This landed: https://bellard.org/quickjs/

Interesting but also just a JS runtime. It apparently compiles to binary executables

[joyeecheung]

are there any restrictions in what .js can be snapshot?

There are several restrictions, in Node.js core these are enforced with assertions though in user land the restrictions may be relaxed a bit. For example:

• There should be no asynchronous tasks in flight, either in the microtask queue, nextTick queue, or the libuv queue. It's not impossible to restore from a pending queue in the snapshot but it would be very tricky as there are many states you need to maintain consistency for. It's easier to hack on this if you are both the distributor and the author of the app since then you'll know more about how to restore things back and not run into subtle bugs, but harder for Node.js core as it has no idea what the user is going to do with it and what to pay attention to, then it needs to pay attention to everything.
• Command line arguments and environment variables should not be accessed when building Node core's environment-independent snapshot. For user land snapshots, it may not be entirely necessary, but it depends on whether the user application want to accept configuration from those and how difficult it is to maintain consistency with different set of configurations during build time and run time.
• Any external references, e.g. addresses of C++ functions that you pass into V8's templates and interceptors, must be known and registered into V8 when loading the snapshot, so that it can properly re-bind them together when deserializing the JS heap from the snapshot.

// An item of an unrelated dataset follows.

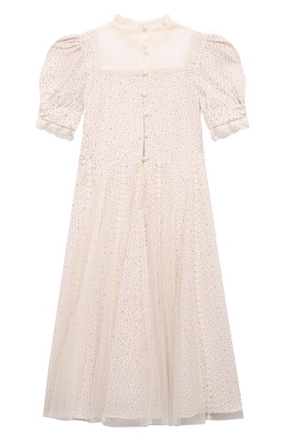 Платье с драпировкой вдоль круглой горловины выглядит как комплект из топа с плиссированной отделкой и юбки. Модель из органического хлопкового перкаля украсили ажурной вышивкой в виде ананаса и отделкой jour échelle по краям. Изделие застегивается пуговицами сзади.

For Node.js core, it means either looking for them with an human eye and hard-coding them into some C++ source code that pushes these addresses into a v8::Isolate::CreateParams.external_references, or generating this code with some scripts that look for bindings in the code base. Bundlers probably have to figure out a way to automatically generate code that register these bindings before compiling the bundle.

is it fair to assume that there are no real space savings between .js and a snapshot (but there are startup cost savings)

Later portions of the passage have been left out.